Supuse
que la estación de tren estaría repleta. Encontrarla desierta me pareció un mal
augurio. Ahí mismo me enteré de que el tren a Hudson estaba atrasado una hora.
Si a esa hora de espera sumaba las de vuelo desde Buenos Aires a Nueva
York, las dos que iba a insumirme llegar
hasta Hudson, las horas previas en el aeropuerto de Buenos Aires, la hora de
migraciones y el traslado de JFK a Penn Station, mi viaje podía redondear un
día.
Unas
pocas horas me separaban de Anne, una traductora que había vivido en Argentina
durante la década del cincuenta. Según mi padre, era la única mujer a la que mi
abuelo había amado. De mi abuelo nunca supe mucho, salvo que trabajaba en el
Banco Nación y hacía vida de dandy hasta que murió en la década del setenta y
se descubrió, entre su correspondencia, esta relación secreta que nadie se
preocupó por indagar. Tampoco yo habría indagado demasiado si no hubiera
encontrado indicios de que, concluida la aventura sentimental, mi abuelo y Anne
habían mantenido una relación epistolar que con los años se volvió
estrictamente literaria.
De la
lectura de esa correspondencia, pude deducir que Anne atesoraba el manuscrito
de una larga novela que mi abuelo había escrito en los sesenta, y que la había
traducido y había intentado publicarla en Estados Unidos. Mi abuelo a su vez la
había presentado en editoriales y en concursos de habla hispana.
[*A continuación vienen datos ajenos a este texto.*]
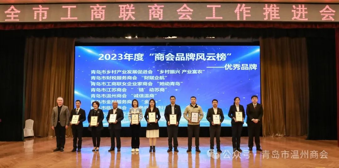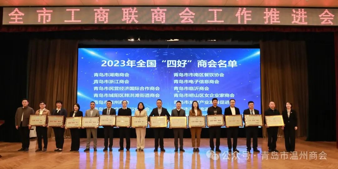 会上,为青岛市温州商会等获得2023年全国“四好”商会、2023年度优秀商会品牌、2022-2023年度全国“五好”县级工商联、2024年度首席政策官代表的先进单位和个人进行颁奖授牌。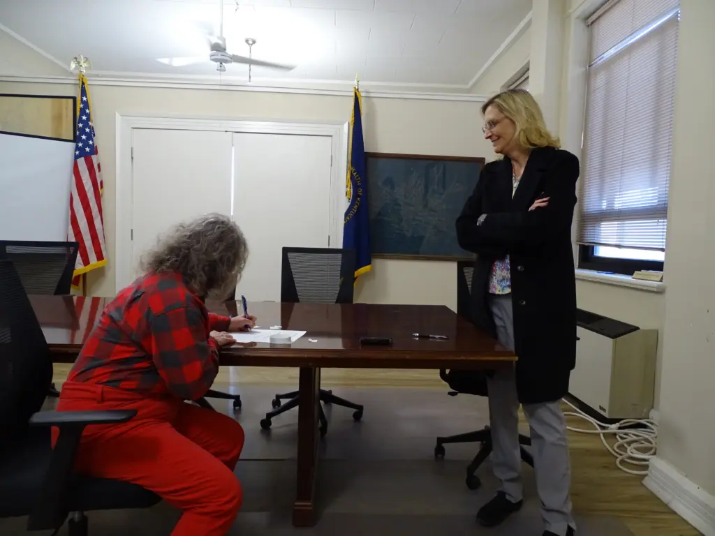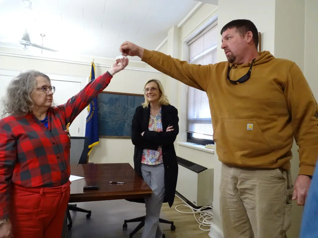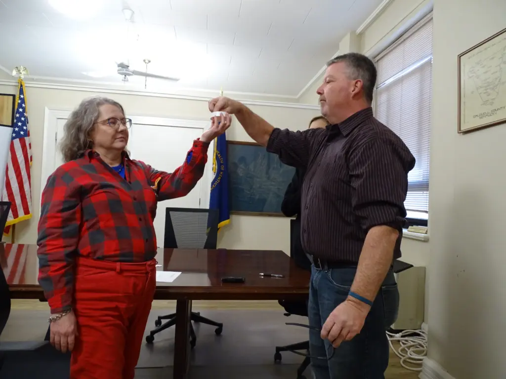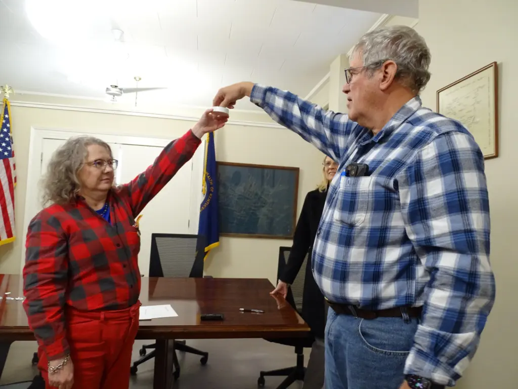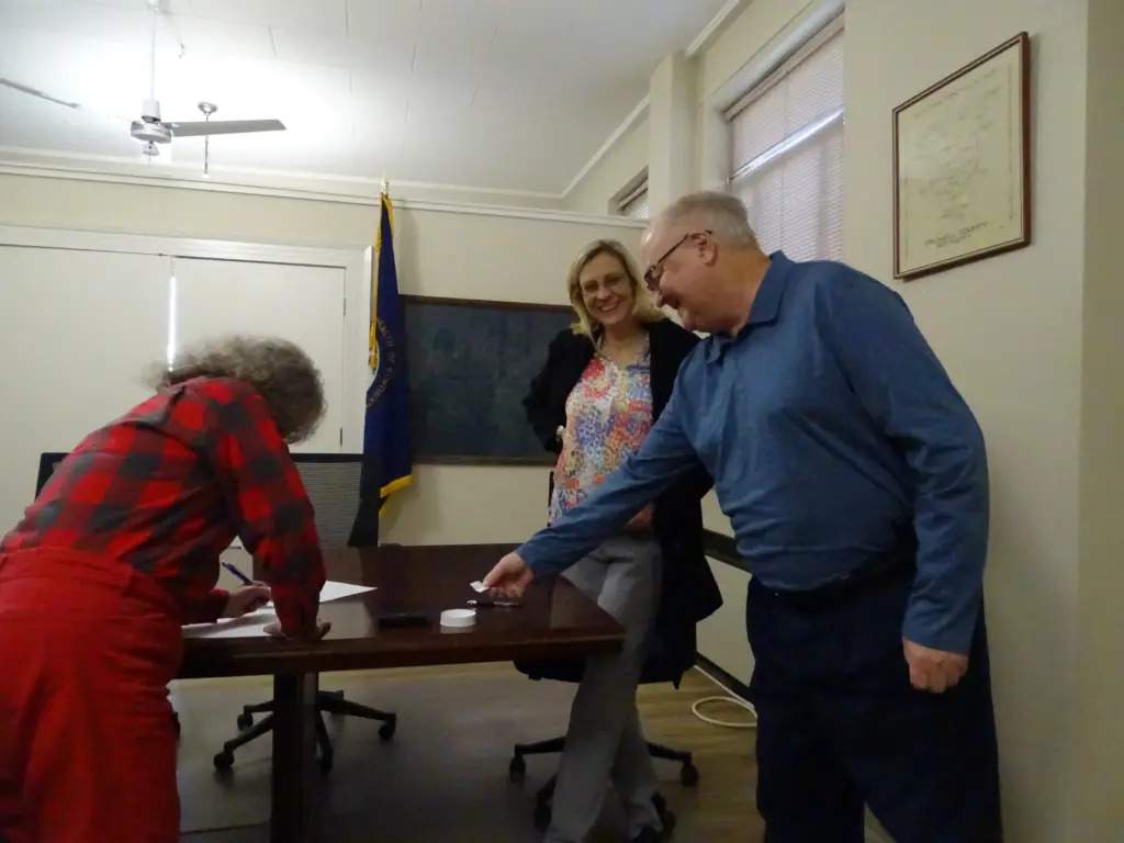 County Clerk Jennifer Hale called each candidate forward, while Deputy Clerk Beverly Hughes held the cup from which they drew their numbers.

A grandes
rasgos esta novela inédita abordaba la peripecia de un hombre que llega a un
pueblo fantasma, mezcla de Macondo y Comala, convencido de que está a punto de
morir. Supone que el anonimato o bien lo va a curar de su nunca revelada
enfermedad, o bien va a acelerar una muerte que en un ámbito familiar podría volverse
demasiado lenta y penosa.
Más
allá del valor que tuviera esa novela atesorada por una anciana, el sentido de
un viaje tan largo residía en que sólo esa mujer de ochenta años podía devolverme
la imagen de un abuelo que no conocí y de quien todos en la familia se
resistían a hablar. El manuscrito era una excusa. Tranquilamente, como Italo
Svevo, mi abuelo podía ser, para su época y para la liga de críticos
hegemónicos, un campeón incomprendido. Pero de ninguna manera me importaba
hacer justicia.
El tren
bordeó el río Hudson durante casi todo el trayecto. La imagen monótona y ancha titilando
en la ventana me recordó el Paraná. Un anciano trajeado de negro se sentó a mi lado
y me preguntó por la estación Hudson. Le dije que yo también iba hasta ahí y
que le avisaría. En un inglés victoriano me agradeció la amabilidad y me
comentó que la luz lo lastimaba y que veía muy poco. Iba al velorio de una
antigua amiga, cerca de la estación. Dada mi juventud, tal vez no me representara
mucha molestia acompañarlo unas cuadras. Si se hubiera tratado de cualquier
otra persona, le habría contestado que venía de muy lejos y estaba agotado.
Hudson
era un pueblo pintoresco que vivía de su pasado. Construcciones de madera con
galería y porche, anticuarios, vinerías, cafés… Toda una utilería para turistas
de fin de semana. Al menos esto pude deducir mientras guiaba del brazo a mi
compañero de viaje. En la entrada del velorio me anunció: “voy a pronunciar
unas palabras, está invitado a quedarse”. Confirmé enseguida una intuición al
ver el nombre y la foto de la difunta en un cuadro. Me dispuse a pasar la tarde
junto al anciano de traje negro para saber algo más de Anne y, por extensión,
de los hombres que la habían amado y se iban en ella.